Terbaru, Senator PFM memfasilitasi Wakil Bupati Kabupaten Raja Ampat, Drs. Mansyur Syahdan, M.Si, bertemu dengan Deputi SDM Aparatur Kementerian PAN-RB, Aba Subagja, S.Sos., MAP, di Kantor KemenPAN-RB, Jakarta, Senin (22/12/2025).
Dalam kesempatan tersebut, berkaitan dengan formasi ASN kebutuhan tahun 2021 di Kabupaten Raja Ampat yang berjumlah 464 formasi, Senator PFM meminta kebijakan penundaan dimana prosesnya dimundurkan ke awal tahun.

“Untuk Kabupaten Raja Ampat telah disepakati penyesuaian jadwal terkait proses pemberkasan terhadap tenaga honorer sebanyak 464 formasi, mundur sampai awal tahun 2026,” tegas PFM, yang juga Ketua Kerukunan Keluarga Papua (KK PAPUA) itu.
Senator PFM menegaskan akan melakukan intervensi langsung di lapangan untuk mendampingi Bupati, Wakil Bupati dan Kepala BKD sehingga prosesnya cepat selesai. Sementara KemenPAN-RB menjanjikan akan menerbitkan Surat Keputusan (SK) pada Februari 2026.
“Ini harus cepat, perlu intervensi langsung, karena sudah limit terakhir harus segera diproses di Kementerian PAN-RB RB untuk keluarkan status kepegawaiannya,” jelas Senator PFM.

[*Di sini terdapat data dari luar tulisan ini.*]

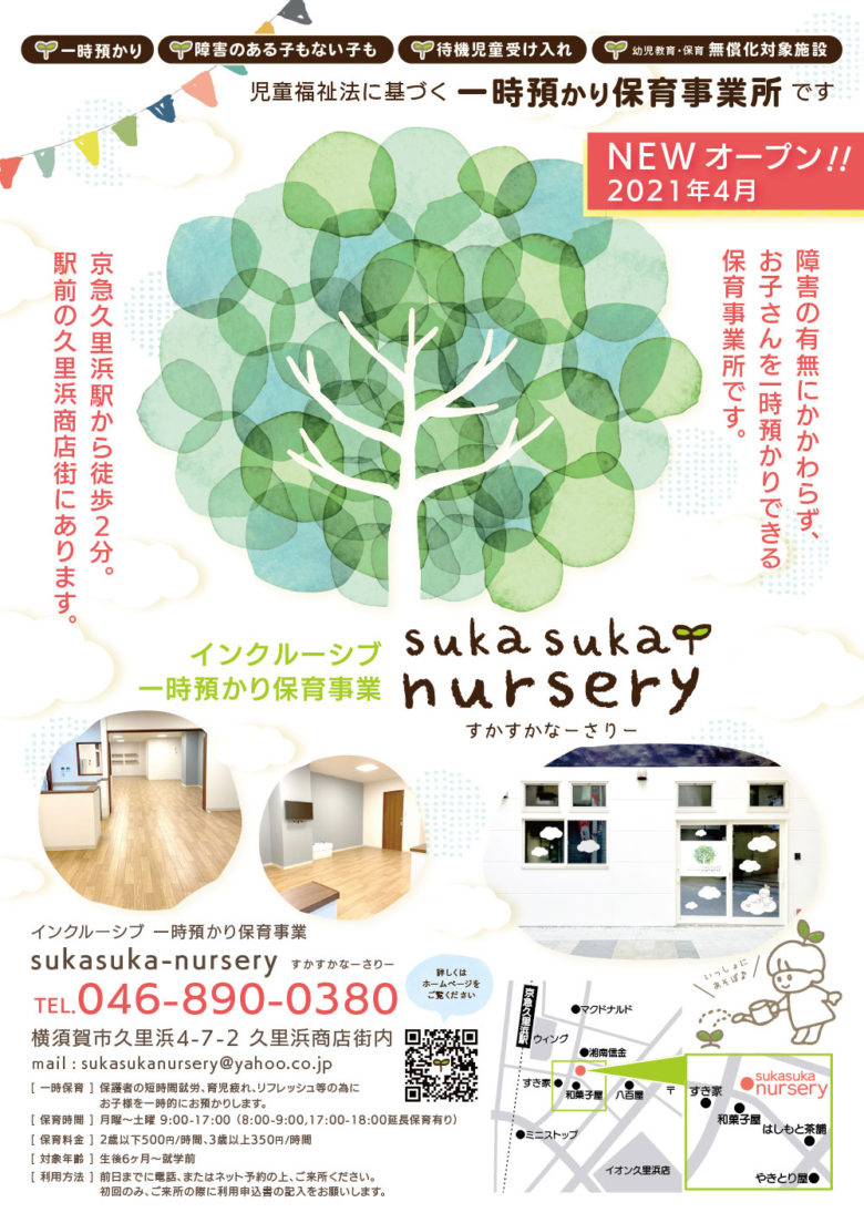 ご予約、お問い合わせはsukasuka-nurseryHPにて受け付けております。

“Puji Tuhan setelah saya fasilitasi untuk koordinasi dengan Kementerian PAN-RB, persoalan formasi ASN atau PPPK semua mendapatkan arahan dan solusi yang memuaskan bagi para tenaga honorer di Papua dalam mendapatkan hak-haknya,” kata Paul Finsen Mayor.

Sementara itu Wakil Bupati Kabupaten Raja Ampat, Drs. Mansyur Syahdan, M.Si, berterima kasih kepada Senator PFM yang telah memfasilitasi dengan Kementerian PAN-RB sehingga mendapatkan solusi.
“Dari hasil pertemuan, kami diberi waktu untuk melakukan revisi database atau melihat kembali tenaga honorer yang terdata untuk disesuaikan yang benar-benar honorer, terutama tenaga guru dan teknis. Kami harus melakukan cek dan ricek kembali. Mudah-mudahan apa yang kami lakukan tepat dan sesuai. Jadi yang terdata merupakan orang-orang yang betul-betul sudah mengabdi,” papar Wabup Raja Ampat.
Deputi SDM Aparatur Kementerian PAN-RB, Aba Subagja, S.Sos., MAP, mengapresiasi koordinasi dan komunikasi yang dijalankan oleh Senator PFM dan para kepala daerah terkait proses pengisian PPPK di daerah. Menurutnya keterbukaan seperti inilah yang diperlukan sehingga pihak-pihak terkait menemukan solusi yang tepat.
“Saya kira, koordinasi dan saling keterbukaan inilah yang kita perlukan. Supaya Kementerian PAN-RB dan daerah mengerti dimana kesulitan dan bagaimana pemecahannya sehingga proses formasi PPPK segera tuntas sesuai jadwal,” kata dia.